Action item:
Under this line sits a listing. Repeat exactly and only its lines from the one holding "합격자 발표 | ||" through the one holding "Футболка свободного кроя"; skip pictures.

Entries shown:
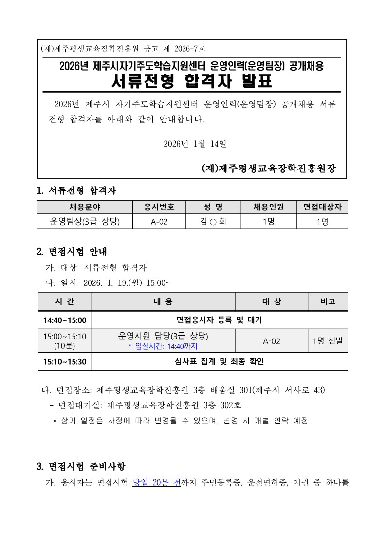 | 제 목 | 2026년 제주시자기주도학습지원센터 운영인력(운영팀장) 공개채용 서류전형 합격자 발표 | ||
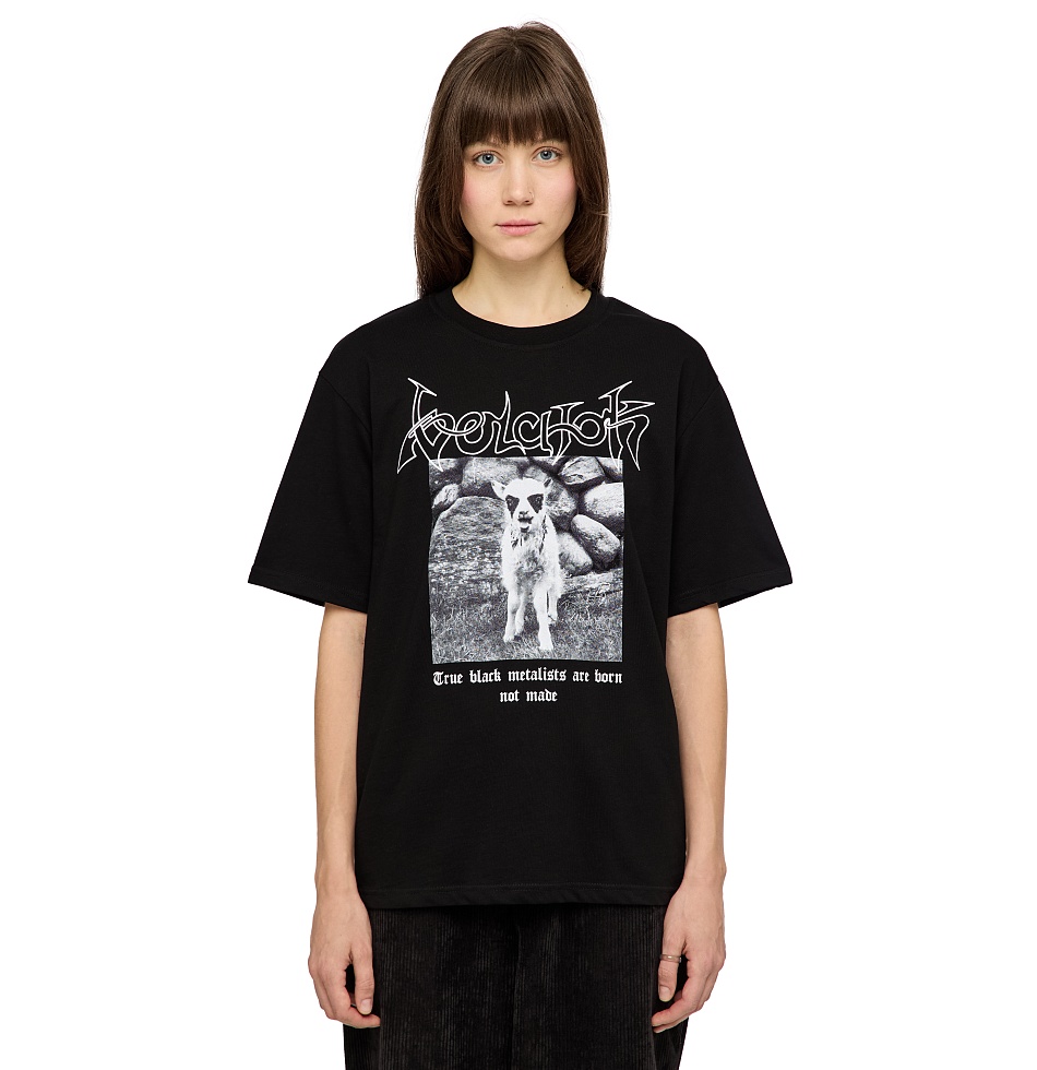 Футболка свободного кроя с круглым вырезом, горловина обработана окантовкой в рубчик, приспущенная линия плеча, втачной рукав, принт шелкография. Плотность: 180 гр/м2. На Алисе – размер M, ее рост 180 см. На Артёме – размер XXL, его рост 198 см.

==

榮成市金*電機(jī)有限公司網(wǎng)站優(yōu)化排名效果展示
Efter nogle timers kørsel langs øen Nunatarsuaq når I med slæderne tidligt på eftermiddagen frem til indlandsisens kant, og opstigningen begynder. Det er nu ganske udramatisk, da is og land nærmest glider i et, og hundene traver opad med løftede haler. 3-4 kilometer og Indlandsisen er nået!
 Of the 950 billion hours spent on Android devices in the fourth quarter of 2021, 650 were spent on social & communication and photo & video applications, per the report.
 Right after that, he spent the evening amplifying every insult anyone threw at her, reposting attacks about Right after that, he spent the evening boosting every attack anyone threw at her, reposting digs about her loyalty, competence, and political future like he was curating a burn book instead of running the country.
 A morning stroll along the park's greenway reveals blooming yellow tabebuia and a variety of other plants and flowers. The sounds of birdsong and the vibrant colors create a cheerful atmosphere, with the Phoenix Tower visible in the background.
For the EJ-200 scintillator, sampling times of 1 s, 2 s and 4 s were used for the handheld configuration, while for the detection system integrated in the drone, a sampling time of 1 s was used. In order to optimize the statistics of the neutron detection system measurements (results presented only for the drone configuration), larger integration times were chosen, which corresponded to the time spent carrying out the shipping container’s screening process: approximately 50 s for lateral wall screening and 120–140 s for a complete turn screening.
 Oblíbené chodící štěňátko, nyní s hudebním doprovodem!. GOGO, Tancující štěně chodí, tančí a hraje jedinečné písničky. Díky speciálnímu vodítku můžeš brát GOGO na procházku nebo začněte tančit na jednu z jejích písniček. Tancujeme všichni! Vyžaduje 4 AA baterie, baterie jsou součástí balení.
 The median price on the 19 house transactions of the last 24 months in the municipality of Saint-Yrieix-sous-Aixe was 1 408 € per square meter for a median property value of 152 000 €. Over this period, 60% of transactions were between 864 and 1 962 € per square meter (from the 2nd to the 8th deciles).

Completed task:
 | 제 목 | 2026년 제주시자기주도학습지원센터 운영인력(운영팀장) 공개채용 서류전형 합격자 발표 | ||
 Футболка свободного кроя с круглым вырезом, горловина обработана окантовкой в рубчик, приспущенная линия плеча, втачной рукав, принт шелкография. Плотность: 180 гр/м2. На Алисе – размер M, ее рост 180 см. На Артёме – размер XXL, его рост 198 см.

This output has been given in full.